When You’re An Asylum Seeker, It’s The Waiting That Kills You Inside

Leila* is a 22-year-old student and refugee from Pakistan. In this blog she explains the mental torture of waiting seven years for the Home Office to give her family refugee status

My family had to flee Pakistan in 2010 after my dad’s life was being threatened by extremists because my older brother was in the British armed forces.

We came here looking for safety and protection. Seven years later, the Home Office finally recognised that our lives are in danger if we return and gave us refugee status. But this was only after my brother and sister lost their lives because we could not bring them to safety.

After everything that’s happened, our family is very close and I worry about my parents a lot. It’s been heart-breaking to see how the stress has affected them both, particularly my dad’s health. When we came here I’d never seen him sick before. He’s taking 42 tablets a day now. He has had three heart attacks and two strokes. One of the strokes has left him partially sighted in one eye.

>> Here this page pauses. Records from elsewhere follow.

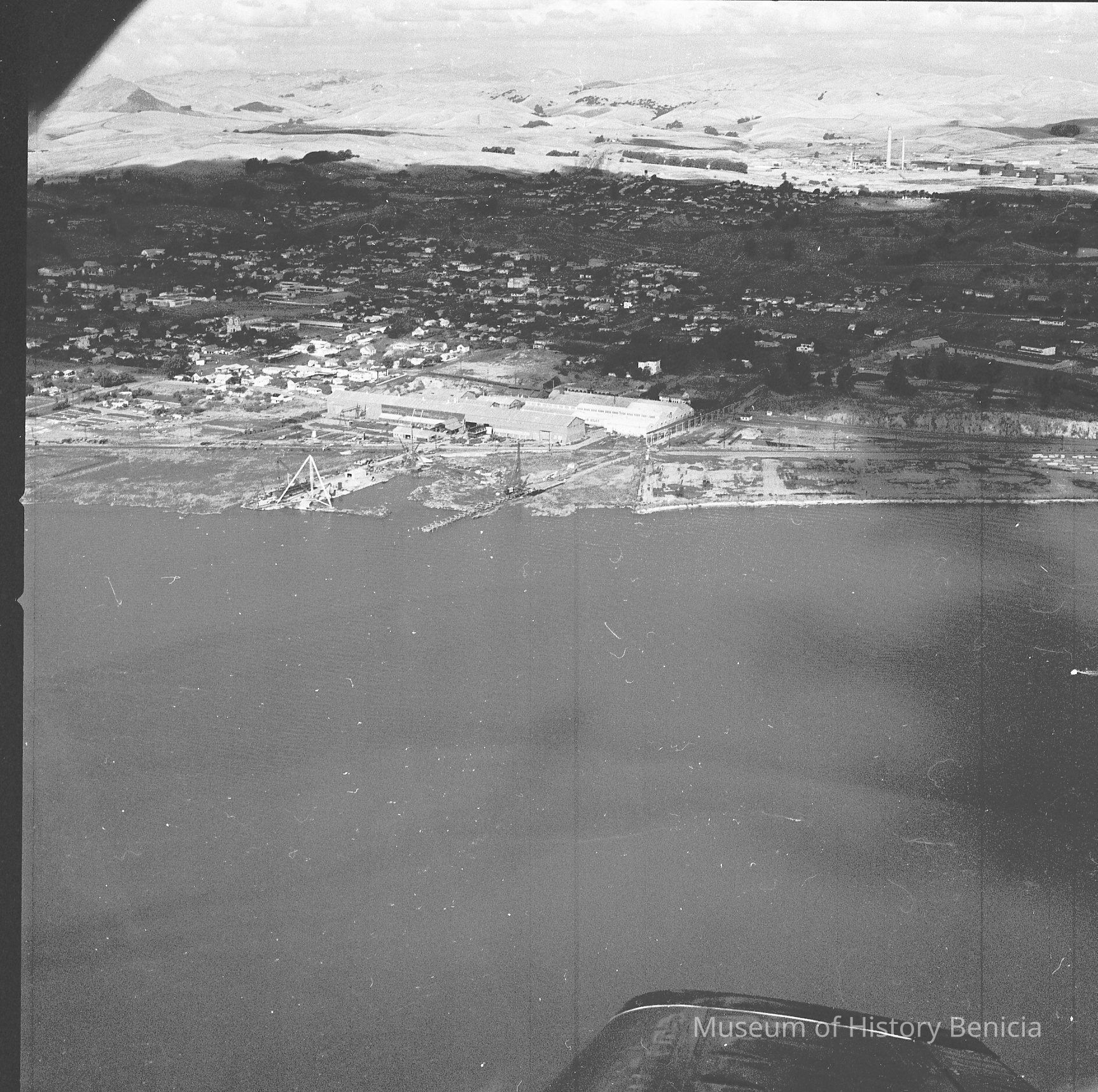 B/W negative of coast line of Carquinez Straits in old Yuba area, City of Benicia appears to be in the background. Healy Tibbitts Construction Company
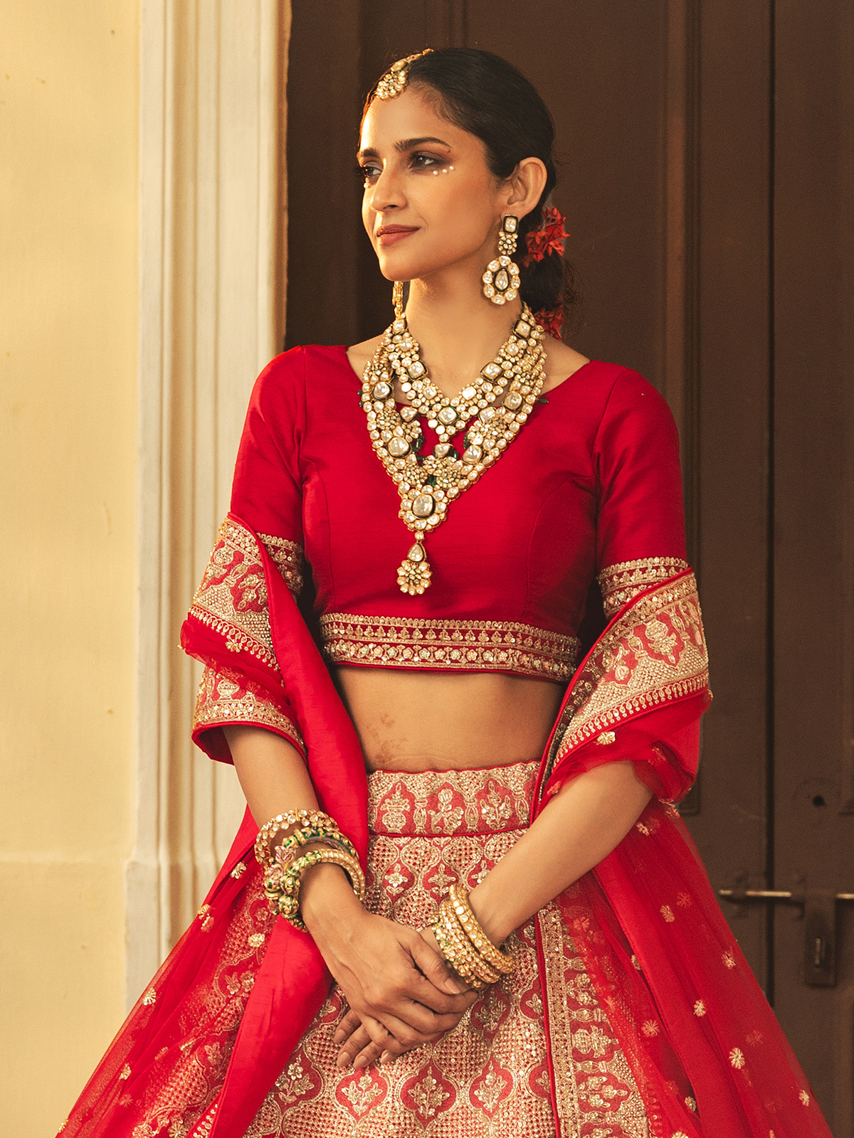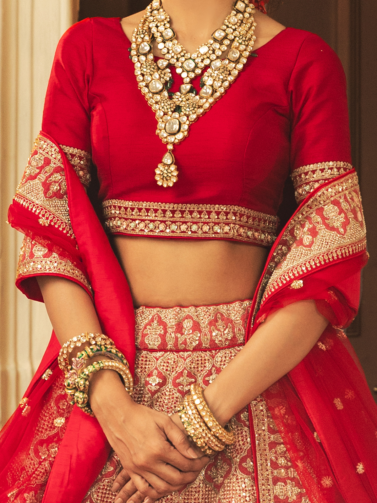 Celebrating bridal beauty with regal finesse, this red raw silk unstitched lehenga choli offers a striking blend of tradition and elegance. The vibrant tone makes it perfect for sacred wedding moments. Adorned with beads, resham, cutdana and sequins, it is paired with a dupatta for a complete bridal look.
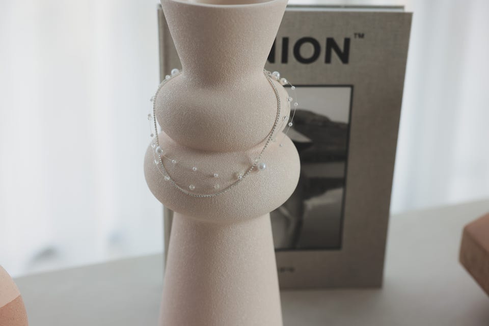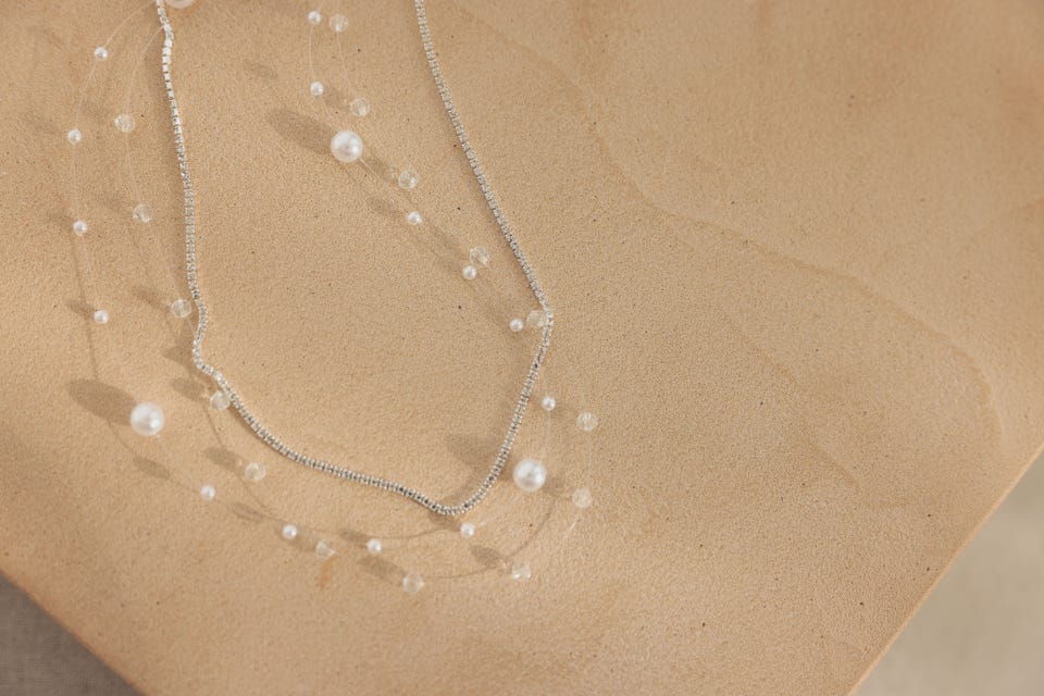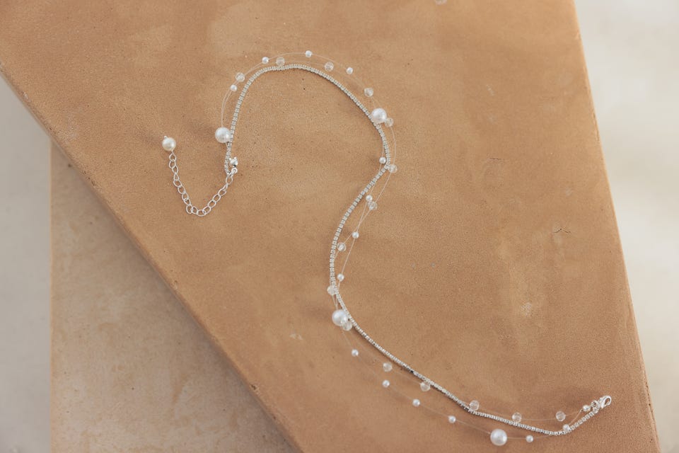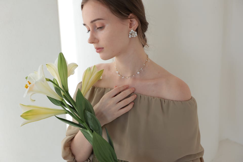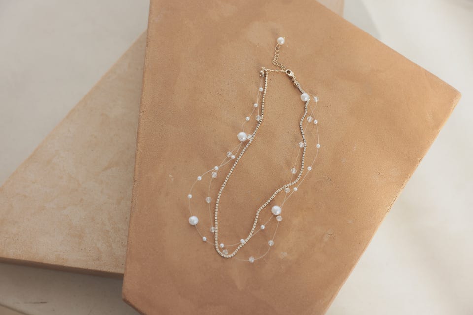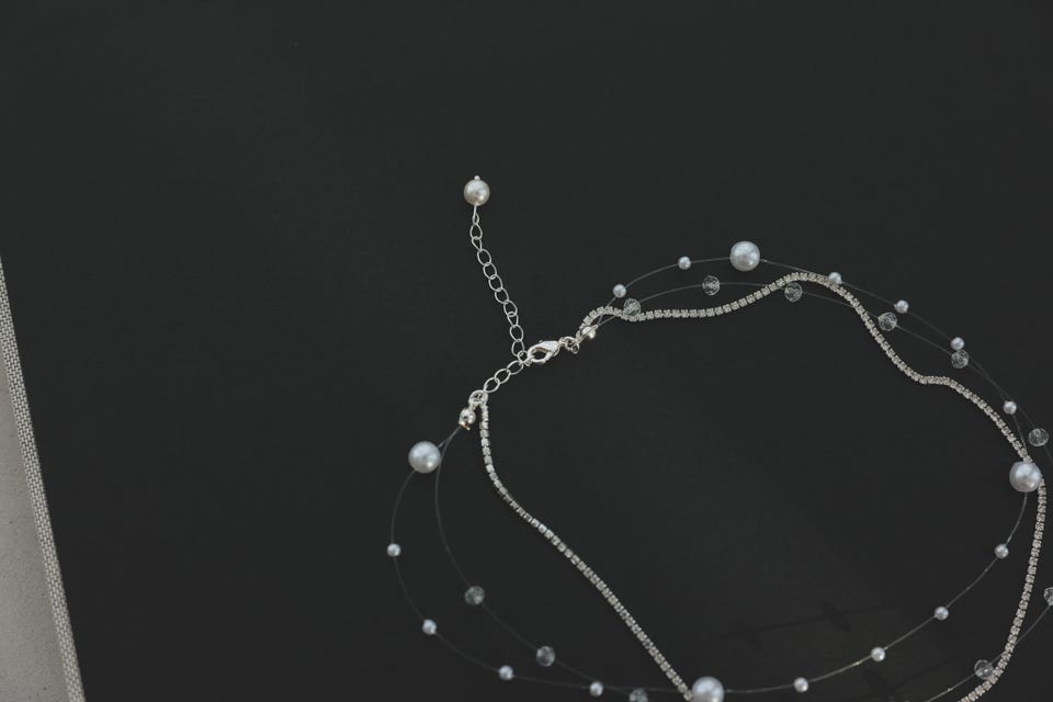 華奢なビジューパールの3層デザインでトレンド感のあるモダンな印象、かつデコルテラインを綺麗に見せてくれます。

When my brother and sister, who we had to leave behind in Pakistan because they were over 18 and could not get a visa, were killed by extremists in 2014, his health really deteriorated. Someone has to be at home with him and my mum has become his carer, which has been hard on their relationship.  She has depression as well. To lose two children and not be able to go to their funeral or anything. It’s been incredibly hard on us all.

The waiting just kills you inside. It’s like a mental torture. You’re alive, but you’re not alive at the same time.

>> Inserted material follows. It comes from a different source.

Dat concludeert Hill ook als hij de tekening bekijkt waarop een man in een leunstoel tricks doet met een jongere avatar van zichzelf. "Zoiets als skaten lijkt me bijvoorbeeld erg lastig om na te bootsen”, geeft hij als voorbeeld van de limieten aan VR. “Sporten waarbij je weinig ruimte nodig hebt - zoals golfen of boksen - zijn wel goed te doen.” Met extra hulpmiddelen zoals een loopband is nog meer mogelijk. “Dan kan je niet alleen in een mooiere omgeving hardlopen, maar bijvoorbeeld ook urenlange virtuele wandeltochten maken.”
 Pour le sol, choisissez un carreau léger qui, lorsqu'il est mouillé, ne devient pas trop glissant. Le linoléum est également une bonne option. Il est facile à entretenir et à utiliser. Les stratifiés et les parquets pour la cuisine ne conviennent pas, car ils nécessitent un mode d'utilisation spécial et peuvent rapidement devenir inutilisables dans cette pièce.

My dad had a good job working in the civil service in Pakistan. People seeking asylum are banned from working in the UK so he hasn’t been able to support us in the way he was used to. I think that has been one of the hardest things for him. He says he wants to start his life again now, that he is on the floor, but he is going to get up and take it step by step.

I had a busy life with school and lots of friends. Shortly before we left, my dad had a gun held to his head outside a shopping centre, it became unsafe for me to go to school. Our whole family was in danger. But I didn’t realise what was happening at the time, I was 14. I was just pleased not to have to go to school.

Then we arrived in the UK, everything changed. I felt very panicked and scared about what was happening. When I started school again things felt more normal. There were people from all over the world and it was easy to make friends. I got more confident speaking English. After my GCSEs, I went to college and studied business for a year.

But in 2014, my life just stopped. I got excluded from everything. My friends were going to college, university or starting work fulltime. I couldn’t work and I couldn’t go to university because I wasn’t eligible for a loan. All my friends were going somewhere and I was left behind.

Two years later, the Home Office said that I had to put in my own asylum claim because I was over 18. My whole claim was based around what had happened to my dad in Pakistan when I was 14, so the asylum interview was very difficult. I felt like he didn’t believe anything I said and had already made up his mind. He was not ready to listen.

It lasted for three hours, 172 questions. We had documents, newspaper cuttings, showing that my brother and sister had been killed in Pakistan. He didn’t believe it, he said ‘you can go back and stay with your siblings who are alive’.

After that interview, I wasn’t surprised that my claim was rejected a few months later. I appealed the decision and the judge overturned the refusal at a hearing in May last year. In court, it was difficult, but I felt like the judge was listening and that she wanted to understand what I was saying.

Now that I have refugee status, I have opportunities because I can work, I can make money, I can have a career – I can have a whole life. There were so many things I couldn’t do while I was claiming asylum. It really affects you. I’m young and all my friends were going out and I was always at home.

The asylum system leaves you so disappointed and depressed, you know you can do so much in life, you can offer a lot to the world.  But you can’t because your hands are tied. If there’s one change the Government should make to the system, they should let people work and contribute to society. If people are willing to work, they should let them. 

It’s why my family is supporting Refugee Action’s Stand Up To Asylum campaign for a better asylum processes. The current system is wearing people down, wasting their talent and leaving them mentally and physically ill, like my dad.

I’m finally starting university in September, studying primary education. Education is very important in my family. I am the only one who has not graduated from university. Now that my parents have refugee status as well, I hope we can all move forward together.